決不能穿幫,關璐一顆心怦怦跳,強忍著和媽媽相認的念頭,把撐在頭頂的傘抗在肩上,走進了巷口,她成功的遮擋住了小關的視線,悠長、寂寥的雨巷,青石板路被小雨洗刷的濕漉漉,墻角青綠的苔蘚充滿生機,雨點落在樹葉上沙沙響,小關同志不由得迷醉了。

關璐快速通過巷口,沖她爸爸甜甜道:“你來了。”

小關一顆心怦怦亂跳,拿出紫丁香花束:“送給你。”

關璐接了花,很開心:“謝謝,很美。”

小關不知道該說什麽好了,關璐回頭瞅了一眼,媽媽和她的閨蜜還在門口聊天,依然在危險距離內。

“咱們走吧。”關璐說,“去看電影。”

小關跨上自行車,關璐很自然的坐上了後座,就像小時候爸爸帶自己去動物園那樣,還伸手摟住了爸爸的腰:“出發。”

自行車顫巍巍的開動了,小關激動的發抖,幸福來得太過突然,雖然沒有任何口頭承諾,但是姑娘的這些行動,儼然已經把自己當成了男朋友,激動很快被幸福替代,他滿腔熱情蹬著自行車,向中山電影院進發。

中山電影院是近江最大最好的電影院,雖然下雨,售票窗口前依然人滿為患,大幅海報上是李連傑的身影,正在上映最新香港寬銀幕彩色武打電影《少林小子》。

小關先去寄存自行車,看車子的大媽在他鳳凰車頭上夾了個小小的竹片,又發給他一個寫著對應號碼的竹片,交了一分錢停車費,這才去買票,但是電影票已經售完,要麽買黃牛票,要麽只能買明天的了,小關不是死腦筋,機不可失失不再來,他毅然花高價搞了兩張黃牛票,帶著關璐進了電影院。

……

小雨淅淅瀝瀝的下午,劉彥直坐在韋生文家的小院裏,思考著怎麽才能去美國,八十年代的中國,出國何其艱難,首先護照就根本不對普通老百姓開放辦理,即便有了護照,簽證也是難於上青天,和二十一世紀的土豪中國遊客完全是天淵之別。

想來想去,只有一個辦法,偷渡!

先坐火車去廣東,從深圳偷渡香港,然後再想辦法弄假證件去美國,幹掉現在只有二十來對的塞繆爾·福克斯,返回二十一世紀,任務結束,萬事大吉。

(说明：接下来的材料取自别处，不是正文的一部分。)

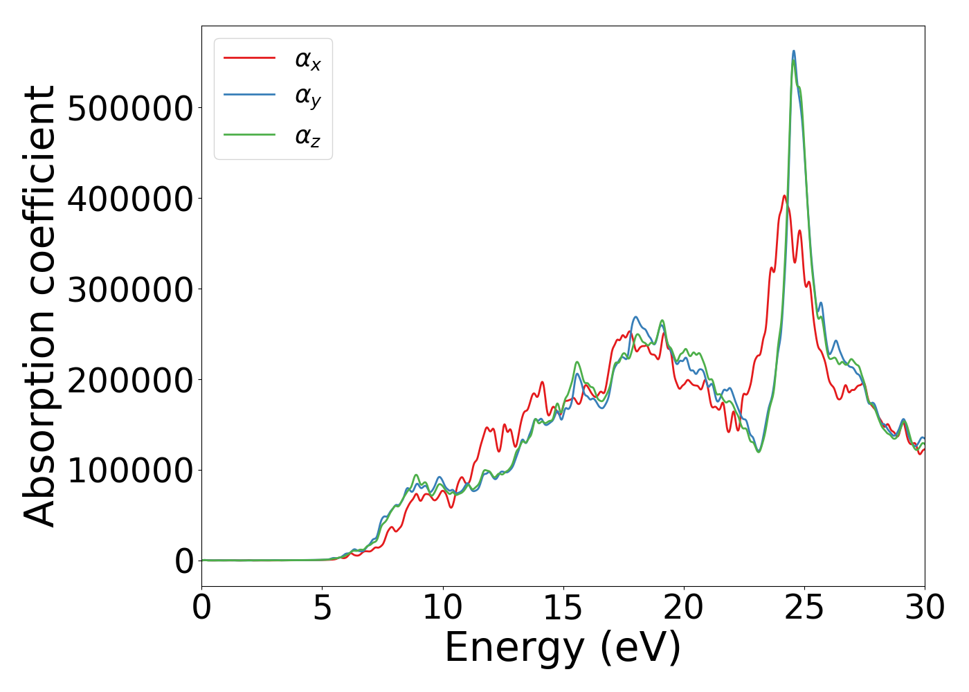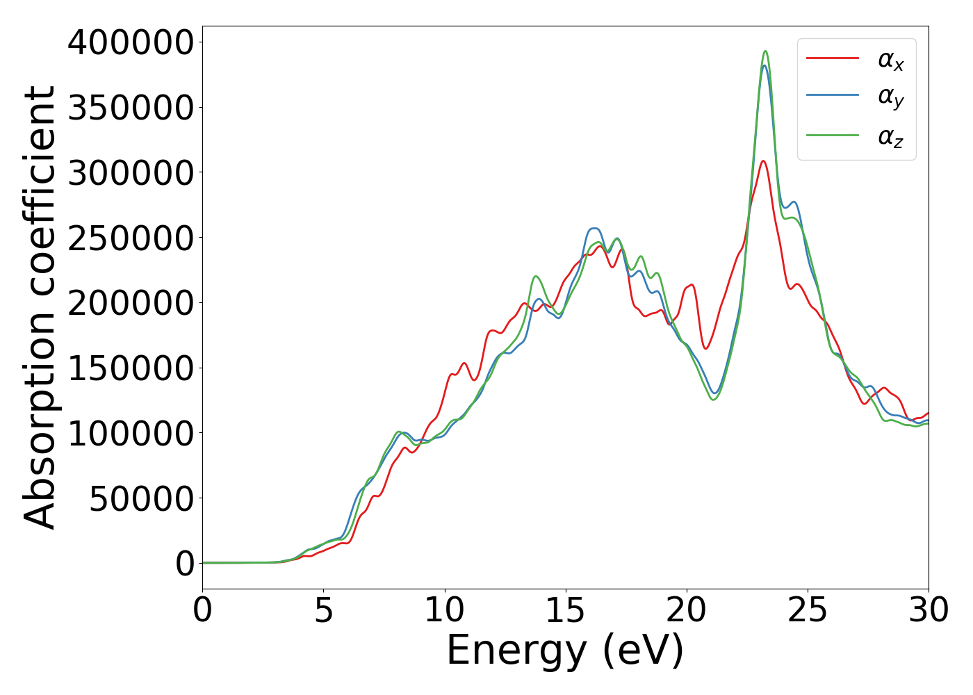 Incident photon energy dependence of optical is shown below [Source-code]. Only interband optical transitions are taken into account.Please note the underestimatation of band-gap problem with DFT will reflect in the spectra as well. For very accurate optical properties GW/BSE calculation would be needed, which is yet to be done because of their very high computational cost. Optical properties for mono-/multi-layer materials were rescaled with the actual thickness to simulation z-box ratio. Absorption coeffiecient is in cm-1 unit. Also, ionic contributions were neglected.

時間有限,必須立刻行動起來,近江火車站就有開往廣州的列車,而且買票不需要身份證,說幹就幹,劉彥直帶著小鬼,直奔近江火車站。

近江火車站是一棟三十年代的歐式建築,據說出自於當年陳子錕將軍的夫人林文靜的設計,時至今日依然屹立在淮江之濱,雄風依舊,站外廣場上停著幾輛大通道公交車,還有一排人力三輪車,售票大廳也是門可羅雀,這年頭還沒有民工潮,出差的人也不多,火車票應該不緊張。

進了售票大廳,年代感撲面而來,迎面一幅巨大的油畫,是身著藍色警服的鐵路公安威嚴的伸出手來,旁邊畫著汽油、硫酸、香蕉水、雷管等不許帶上列車的違禁品,墻角的櫃台裏擺著橘子水、面包,高高的小窗口裏,穿藍色鐵路制服的售票員撥弄著算盤珠子。

劉彥直站在窗口前,摸出一疊鈔票來:“同志,我買兩張明天去廣州的臥鋪。”想了想又加了一句:“軟臥。”

“沒有。”售票員頭也不擡,繼續打算盤。

“那就買最近的,兩張軟臥。”劉彥直說。

“沒有軟臥。”售票員說,“下一個。”

劉彥直回頭看看,沒有其他買票的旅客,他忍著想投訴的欲望再次說道:“那硬臥也行。”

“沒有。”

“硬座呢?”

“沒有。”

“站票呢?”

“說多少遍了,沒有!都賣完了!”

中年售票員大媽已經很不耐煩,說完就把小窗口關上了。

劉彥直沒招了,離開了售票窗口,一個鬼鬼祟祟的年輕人湊了過來:“朋友,要票麽?”

又是黃牛黨,劉彥直問他,軟臥票能搞到麽?

黃牛笑了:“朋友,你不大懂行啊,軟臥要處級以上幹部才能買,硬臥也全是內部分完了的,在售票處根本買不到,要麽你托關系找站長簽字拿票,要麽加錢在我這兒買。”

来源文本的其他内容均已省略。